At present, the most plausible threat of "a second Auschwitz" is not from any expected attempts to round up individual Jews in different parts of the world, and bring them to the gas chambers. Nor is it from any Jihadist terror that is focused on Jewish civilian populations, whether in Israel, Europe or the United States. Rather, the most fearful and conspicuous exterminatory threat to Jews is from enemy acquisition of nuclear bombs, and from certain conceivably corollary preparations to shower such lethal "gas" upon the whole of Israel.
Left to themselves, it is easy enough to imagine some of Israel's potentially nuclear adversaries could bring the Jewish state (we may think of Dante) into eternal darkness, fire and ice. It is plain, therefore, that the country's leadership should soon take all appropriate steps to ensure that any identifiable failure of national deterrence would never spark a nuclear attack. In this connection, it is especially important for the Israel Defence Forces (IDF) to continue to plan conceptually and operationally around the following absolutely core understanding:
Nuclear deterrence and conventional deterrence are never separate or discrete security postures. Always, these indispensable protective strategies are mutually reinforcing and critically interrelated.
Nuclear war in the Middle East is no longer out of the question. This is the case, moreover, even if Israel were somehow to remain the only nuclear weapons state in the increasingly chaotic region. How is this possible?
Significantly, a bellum atomicum could arrive in Israel not only as a bolt-from-the-blue enemy nuclear missile attack, but also as a result of escalation. If, for example, certain Arab/Islamic states were to begin hostilities by launching conventional attacks upon Israel, Jerusalem could decide to respond, sooner or later, with thoughtfully calculated and correspondingly graduated nuclear reprisals. Alternatively, if these enemy states were to commence conflict by releasing large-scale conventional attacks upon Israel, Jerusalem's conventional reprisals could then be met, sometime in the not-too-distant future, with particular enemy nuclear counterstrikes.
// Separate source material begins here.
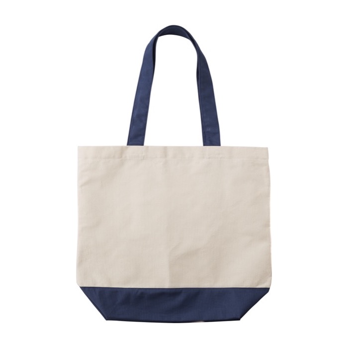 Borsa in cotone resistente con manici e fondo colorati coordinati.

If it hadn't been for Israel's earlier preemptive operations against both Iraq and Syria (Operations Opera and Orchard, respectively), the Middle East could already have been rife with Arab or Islamist nuclear forces. Looking back upon these specially focused expressions of national self-defense, Israel had then effectively ensured that such assorted terror groups as ISIS, Al Qaeda, Hamas and Hezbollah would not now be nuclear. In fact, the still generally unrecognized benefits of these extraordinary operations have impacted not only Israel, but also the United States and its allies that are fighting Jihadists in a rapidly disintegrating theatre of conflict.
The regional future, however, is apt to be even less secure. For one thing, with a potentially nuclear Iran the derivative risks of nuclear terrorism could become intolerable. Some of these newer risks might not stay contained to the Middle East. Instead, in some form or another, they could carry over to the scarcely protected American and European homelands.
However, by planning ahead, and by maintaining a maximally credible conventional deterrent, Israel could reduce its exposure to any eventual nuclear war fighting. A fully persuasive Israeli nonnuclear deterrent, at least to the extent that it would prevent enemy conventional attacks, could expectedly lower Israel's overall risk of any escalatory vulnerabilities to nuclear war. In the impressively arcane lexicon of nuclear strategy, this means that Israel could likely reap considerable security gains by staying in conspicuously firm control of “escalation dominance.”
Such gains could turn out to be genuinely existential. They could actually serve to prevent a second Auschwitz.
But why should Israel require a conventional deterrent at all? Wouldn't its nuclear deterrent alone, whether still ambiguous, or perhaps more expressly disclosed, reliably deter any and all national aggressions? Wouldn't all enemy states, at least those that were determinedly rational, resist launching just conventional attacks upon Israel?
This reasonably presumed reluctance would stem from a determinably well-founded fear of Israeli nuclear retaliation.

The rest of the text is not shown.